To determine whether the BAT SNA generated by disinhibition of RPa
neurons is dependent on neurons in RVLM, bicuculline was microinjected
into RPa after local neurons in the RVLM were inhibited with bilateral
microinjections of the GABAA
agonist muscimol (60 nl, 1 mM). As expected from the inhibition of
sympathetic premotoneurons in the RVLM, Fig.

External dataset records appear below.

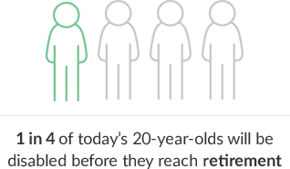 Most people don't think they're at risk of becoming disabled, but according to the U.S. Social Security Administration, one in five Americans (56 million) are currently living with a physical or mental disability. Additionally, it's estimated that one in four of today's 20-year-olds will become disabled before reaching their retirement age.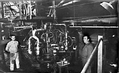 INTERIÖR FRÅN ÅRNÄS GLASBRUK DÄR TRE MÄN STÅR VID EN MASKIN FÖR TILLVERKNING AV FLASKOR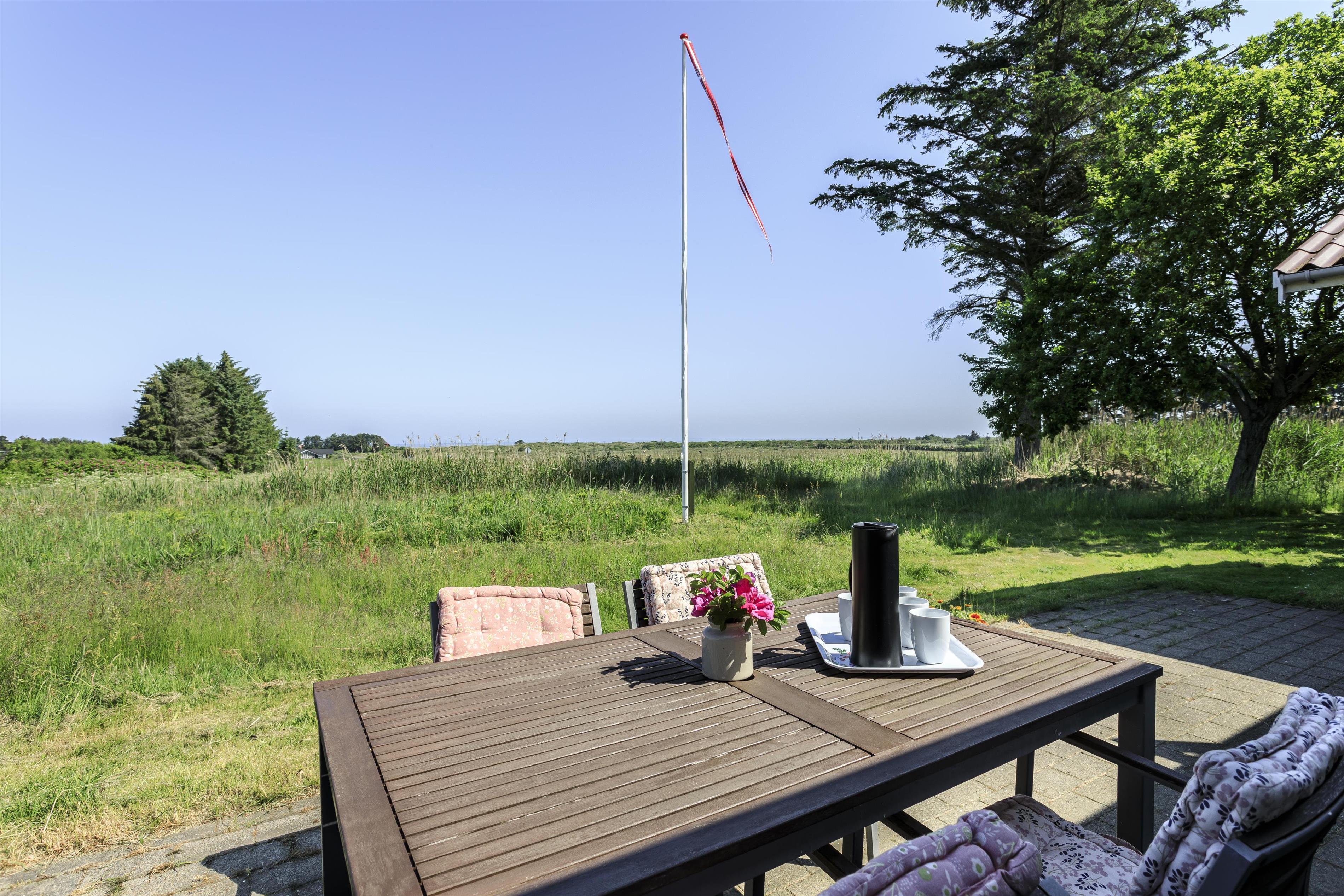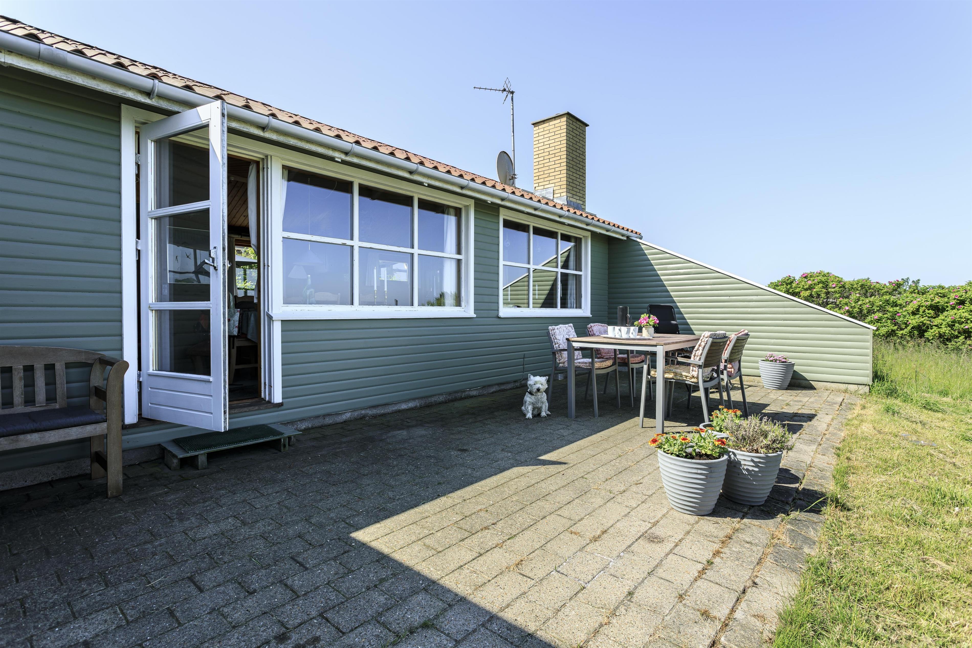 Nyd naturen fra første række. Husets udendørsarealer er designet til at nyde det danske sommervejr. Flere terrasser og hyggelige kroge gør det muligt at finde sol eller læ for vinden, alt efter jeres behov. Med lyden af det brusende hav i baggrunden kan I nyde lange sommeraftener, mens solen går ned over Vesterhavet. Grunden tilbyder desuden masser af plads til afslapning eller aktiviteter, mens I kan mærke den friske havluft og høre fuglenes kvidren.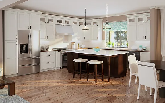 Shaker profile features a modern mortise and tenon door with a framed flat recessed panel.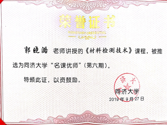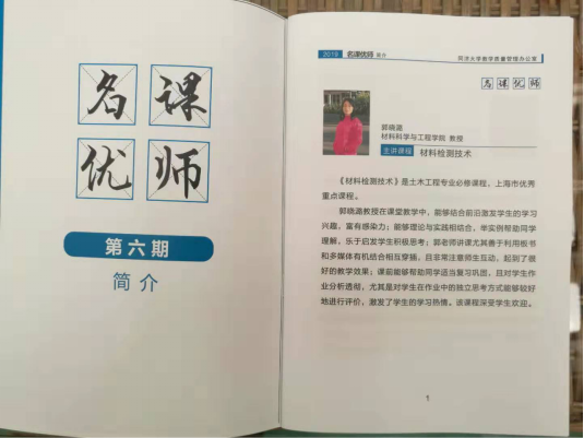 主讲人编撰的课程教材《建筑物无损检测技术》获评伟德国际优秀本科生教材二等奖;依托该课程获全国卓越联盟高校青年教师创新大赛三等奖,全国无机非金属材料教学大赛二等奖和三等奖;伟德国际名课优师、教学成果三等奖、育才奖、耀华教学奖、坤瑞泰隆新墙材教育奖、英才优青计划、英才骨干计划、三八红旗手、五四奖章提名奖等。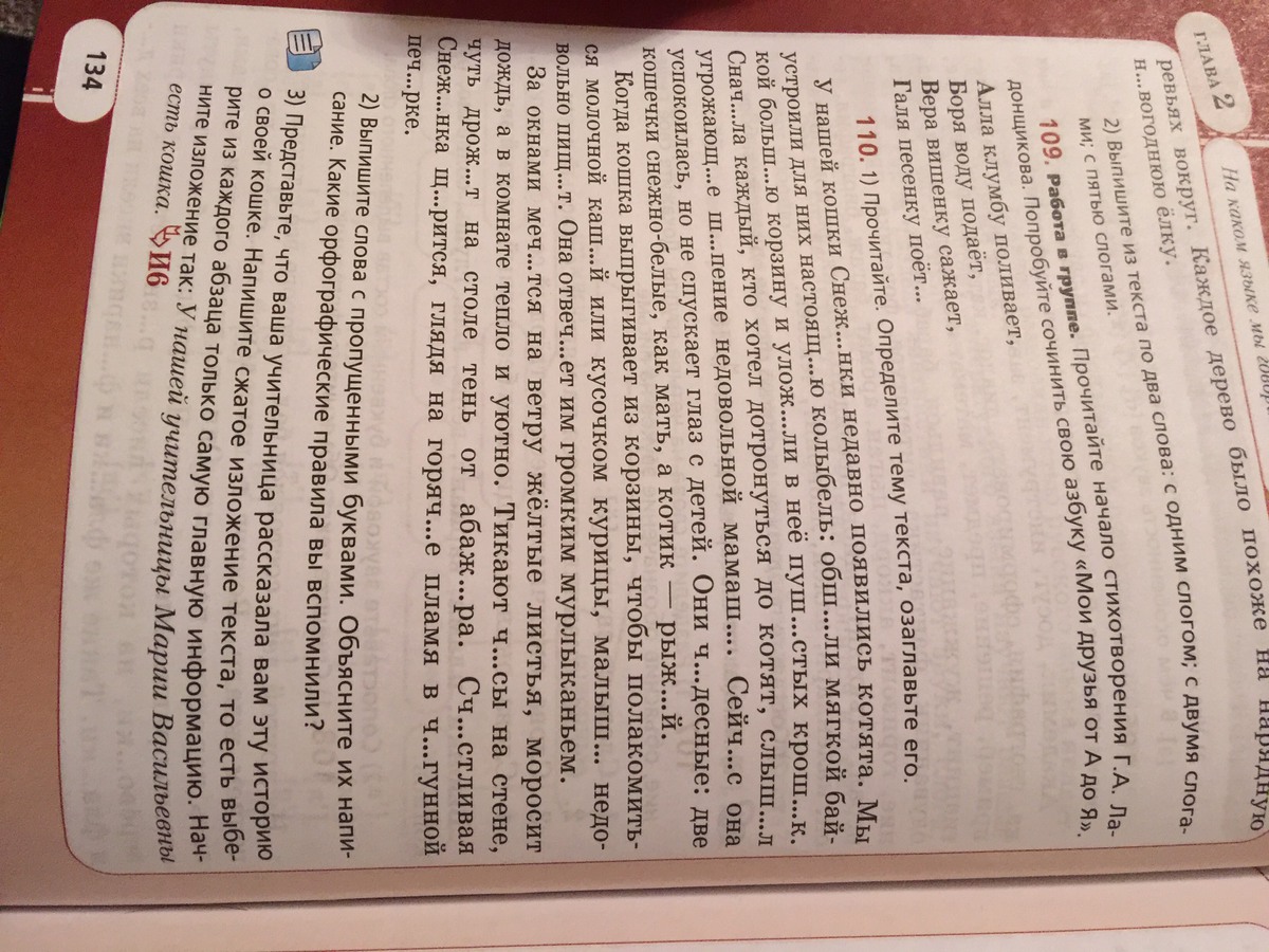 У нашей учительницы Марии Васильевны есть кошка,у которой недавно родились котята.Когда до котят хотят дотронутся, кошка шипит и не спускает с них глаз.Когда кошка хочет покормить своих котят,то те недовольно пищат,а она отвечает им мурлыканьем.Когда за окном моросит дождь,в комнате тепло и уютно,счастливая кошка щурится глядя на горячее пламя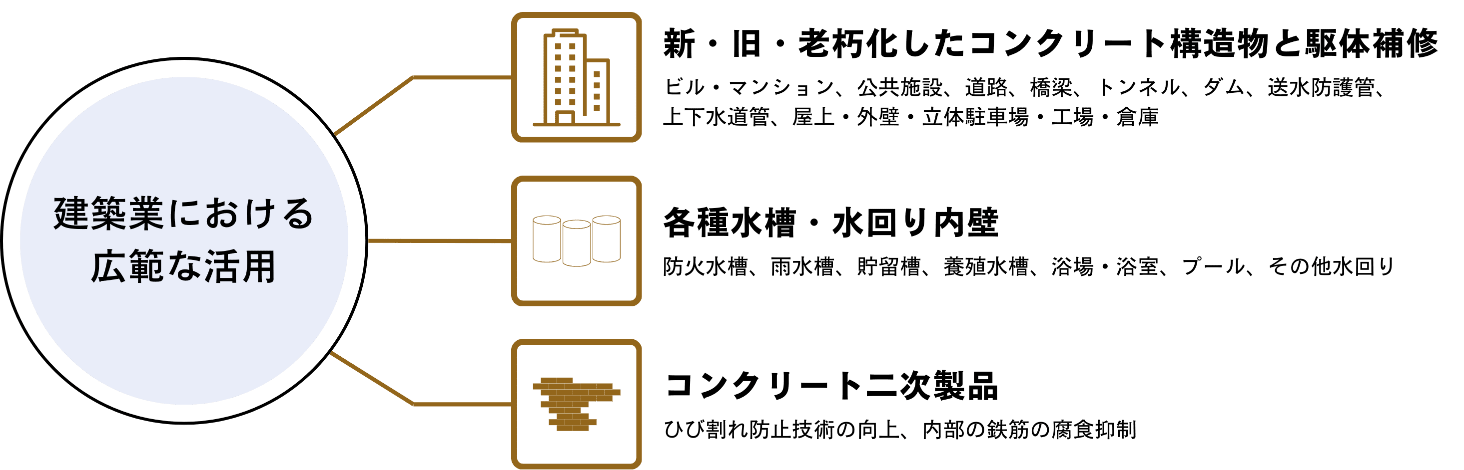 新旧のコンクリートに塗布するだけで、自己修復機能を持つ防水コンクリートへと変わり、劣化を防ぎ、ジオポリマー効果により安定した高い耐久性を維持します。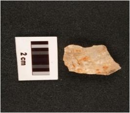 | Description / विवरण | A quartz core with two blade scars, flake scars on one surface. |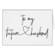 This beautiful calligraphy wedding card is the perfect way to send a special message to your husband to be on your wedding day.
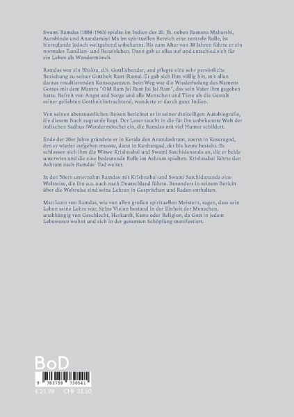 Swami Ramdas (1884-1963) spielte im Indien des 20. Jh. neben Ramana Maharshi, Aurobindo und Anandamayi Ma im spirituellen Bereich eine zentrale Rolle, ist hierzulande jedoch weitgehend unbekannt. Bis zum Alter von 38 führte er ein normales Familien- und Berufsleben. Dann gab er alles auf und entschied sich für ein Leben als Wandermönch.Er war ein Bhakta, d.h. Gottliebender, und pflegte eine sehr persönliche Beziehung zu seiner Gottheit Ram (Rama). Er gab sich Ihm völlig hin, mit allen daraus resultierenden Konsequenzen. Sein Weg war die Wiederholung des Namens Gottes mit dem Mantra "OM Ram Jai Ram Jai Jai Ram", das sein Vater ihm gegeben hatte. Befreit von Angst und Sorge und alle Menschen und Tiere als die Gestalt seiner geliebten Gottheit betrachtend, wanderte er durch ganz Indien. Von seinen abenteuerlichen Reisen berichtet er in seiner dreiteiligen Autobiografie, die diesem Buch zugrunde liegt. Der Leser taucht in die für ihn unbekannte Welt der indischen Sadhus (Wandermönche) ein, die Ramdas mit viel Humor schildert.Ende der 20er Jahre gründete er in Kerala den Anandashram, zuerst in Kasaragod, den er wieder aufgeben musste, dann in Kanhangad, der bis heute besteht. Es schlossen sich ihm die Witwe Krishnabai und Swami Satchidananda an, die er beide unterwies und die eine bedeutende Rolle im Ashram spielten. Krishnabai führte den Ashram nach Ramdas' Tod weiter.In den 50ern unternahm Ramdas mit Krishnabai und Swami Satchidananda eine Weltreise, die ihn u.a. auch nach Deutschland führte. Besonders in seinem Bericht über die Weltreise sind seine Lehren in Gesprächen und Reden enthalten. Man kann von Ramdas, wie von allen großen spirituellen Meistern, sagen, dass sein Leben seine Lehre war. Seine Vision bestand in der Einheit der Menschen, unabhängig von Geschlecht, Herkunft, Kaste oder Religion, da Gott in jedem Lebewesen wohnt und sich in der gesamten Schöpfung manifestiert.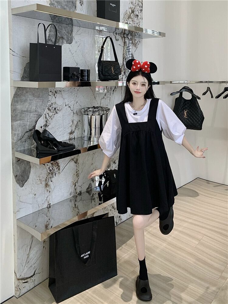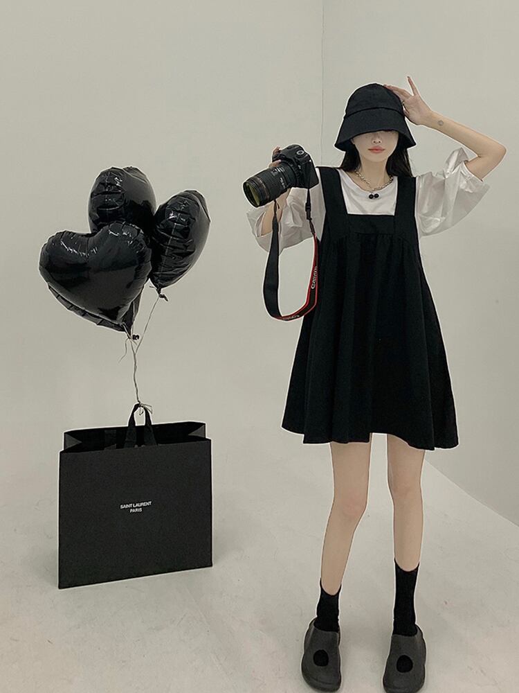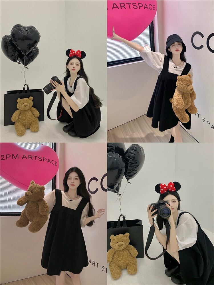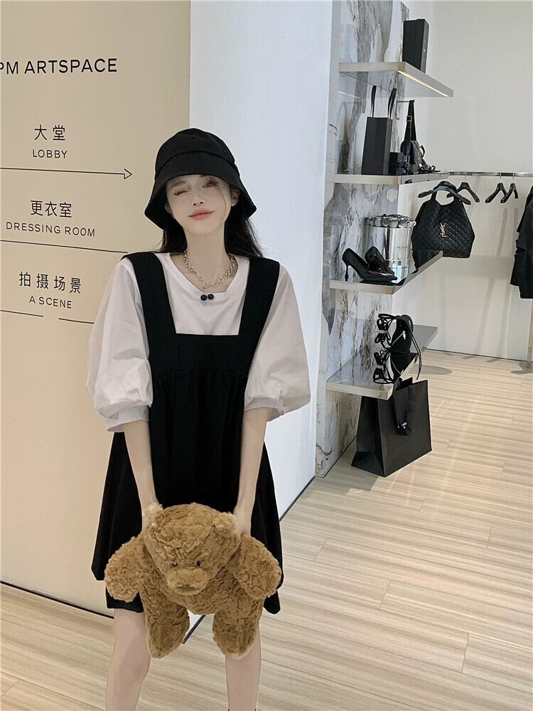 黒サスペンダードレス女性の夏フレンチレトロニッチデザインセンス年齢軽減美しいeignスタイル人形ショートスカート ブラック サマー 夏物 8571639963730333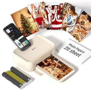iDPRT 4x6 Photo Printer, CP4100 Photo Printer for iPhone & Android with 20 Sheets & 1 Cartridges, Wi-Fi Wireless Portable Picture Printer, Instant Print Photos, Dye Sublimation, Beige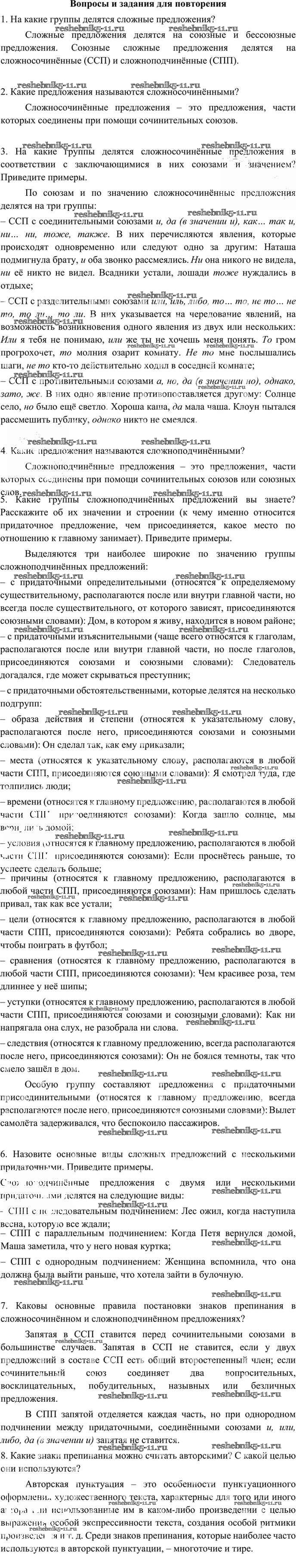 Русский язык за 9 класс Бархударов Учебник Просвещение вопросы и задания для повторения стр.121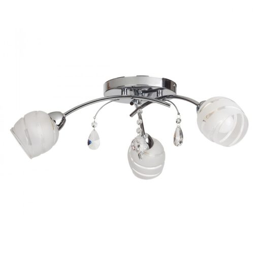 Modern stílusú mennyezti lámpa, króm színű fém vázzal, fehér színű, átlátszó sávos üveg búrával, függő üveg kristály dekorral.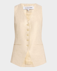 - Veronica Beard "Liff" linen vest featuring a metallic sheen - V neckline - Sleeveless - Adjustable back strap - Hip welt pockets - Tailored fit - Cut-away hem - Button-front - Linen - Dry clean - Imported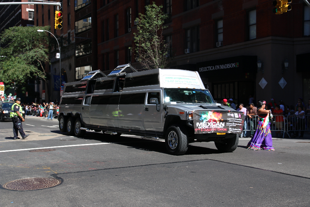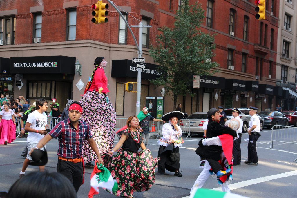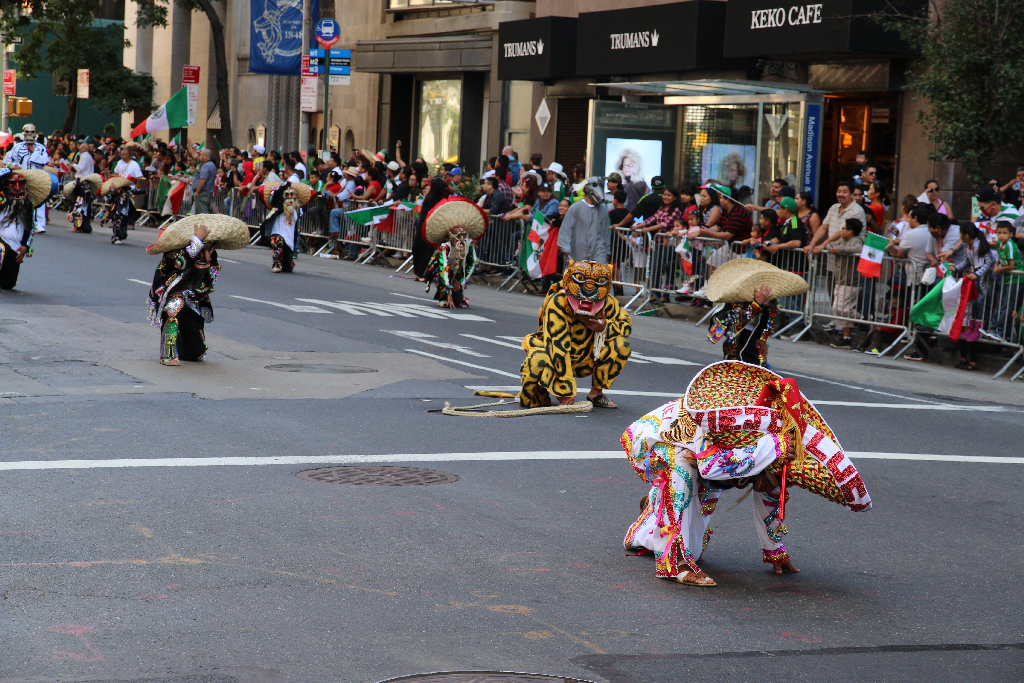 Naja gut, dachte ich mir, dann such ich mir halt etwas zu essen und komm dann nochmal. Auf dem Weg kam dann ein Haufen Krach aus einer Seitenstraße. Ok, ich hab Zeit, also nachschauen. Damit hatte ich dann quasi auch mein komplettes Nachmittagsprogramm: Nicht dass ich irgendwas über den Anlass wüsste, aber die mexikanische Gemeinde New York zog da stundenlang durch die Straßen. Wobei es von traditionellen (?) Kostümen (Karneval??) bis auch zu etwas aktuelleren Dingen reichte. Nicht zu sehen sind die ausgiebigen Diskussionen mit der Polizei, wo man denn nun stehen könne und wo nicht. Vielleicht hätt ich einfach dreist, wie die Pressephotographen auf der Straße zwischen dem Umzug rumrennen sollen. Aber man ist ja halbwegs gesetzestreu – insbesondere in einem Land, dass seinen vermeintlich Straffälligen auch gerne mal ein paar Wochen Kuba spendiert.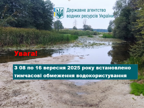 У зв'язку з маловоддям на окремих річках України Державне агентство водних ресурсів,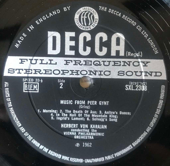Repress from most probably 1969. The original version has "ORIGINAL RECORDING BY" text on 'grooved' labels and was released in 1962. LABELS: - Black/silver 'wideband' labels - No 'groove' in label area - "MADE IN ENGLAND BY" at 11 o'clock - "℗ 1962" - "B.I.E.M." in a box on side 2 - No tax code "J/T" on labels - Matrix numbers printed upside-down SLEEVE: - Front laminated - No flipbacks - Boxed Decca logo on front and back - Large "STEREO" on front - Spine has text on it, bold "STEREO" on spine - "© The Decca Record Company Limited, 1962." - "Printed in England by Robert Stace." - Unsigned sleeve notes in English on back CATALOG NUMBERS: - SXL 2308 on sleeve - SXL.2308 on labels UK VERSIONS WITH THE SAME CAT#: - With flipback sleeve - No flipbacks, ED3 wideband label (this version) - Narrowband label OTHER INFORMATION: - Recorded 5 - 22 September 1961 in the Sofiensaal, Vienna - Labelography code: ED3 - Corresponding mono issue has cat# LXT 5586 - Grieg is spelled correctly on side B label and not "Greig" as on: [r5238061

4C illustrates that within 5 min after
microinjecting muscimol into the RVLM, the bursting discharge on the
Spl SNA was nearly abolished and the amplitude had fallen to a minimum of 17% of the premicroinjection control level (Fig.
4A).
This was accompanied by a fall in arterial pressure of 46 mmHg and in
heart rate of 118 beats/min. The amplitude of BAT SNA was unchanged. Phrenic nerve activity was eliminated, presumably through the effect of
muscimol on elements of the respiratory generating network in the
vicinity of the RVLM. In five rats, muscimol reduced Spl SNA to 18 ± 3.5% of control and decreased mean AP by 59 ± 5.7 mmHg to a
basal level of 68 ± 4.3 mmHg. BAT SNA was not different from the
premicroinjection control levels. The mean coherence values are
presented in Table 1. After muscimol microinjection into RVLM, a
reduced coherence remained between the AP and the Spl SNA (Fig.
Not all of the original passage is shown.